**Data provided**.
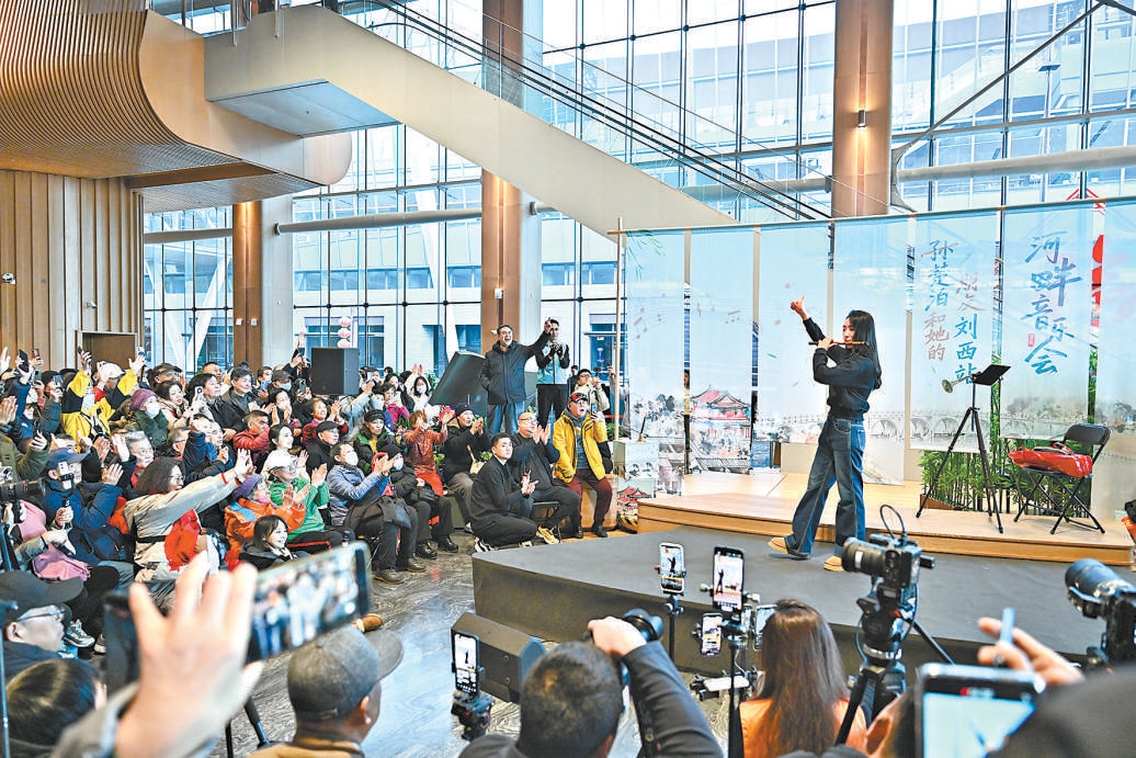 “國(guó)民閨女”、青年笛簫演奏家孫楚泊在北京大運(yùn)河博物館演出。
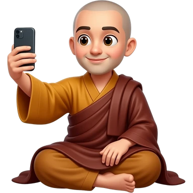 Monk sitting taking selfie emoji
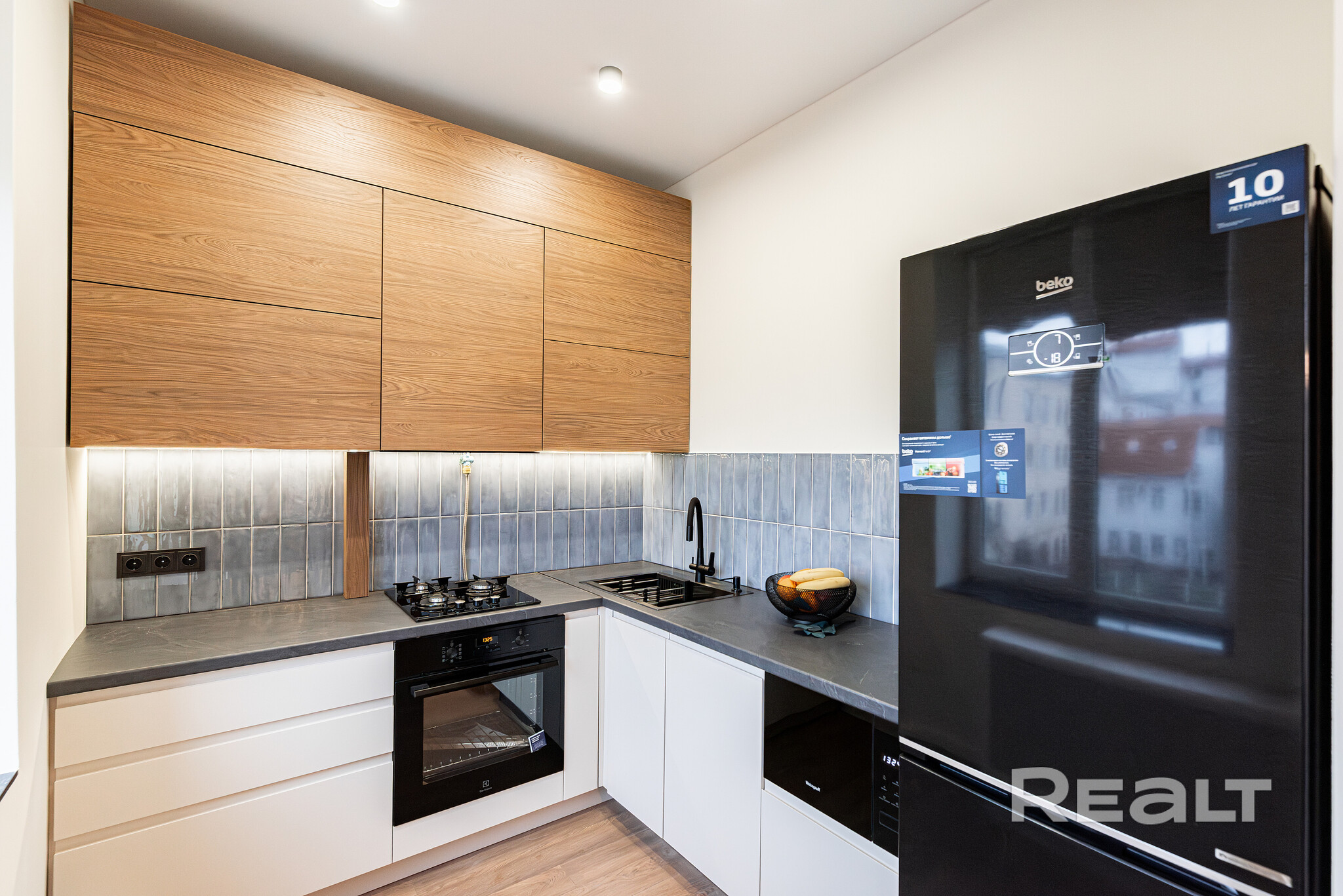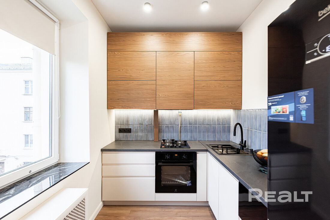 Ремонт в квартире выполнен в едином стиле. Нижние кухонные фасады выполнены в светлом оттенке, верхние повторяют текстуру дерева. Из техники есть духовой шкаф, варочная панель, холодильник. Видно, что вся техника новая: с нее даже не снимали наклейки.

**Exercise requirements**.
No pictures belong in the output. It should reproduce exactly the lines from the one containing "Monk sitting taking selfie emoji" through the end of the data, both ends included.

**Reply to the exercise**.
 Monk sitting taking selfie emoji
 Ремонт в квартире выполнен в едином стиле. Нижние кухонные фасады выполнены в светлом оттенке, верхние повторяют текстуру дерева. Из техники есть духовой шкаф, варочная панель, холодильник. Видно, что вся техника новая: с нее даже не снимали наклейки.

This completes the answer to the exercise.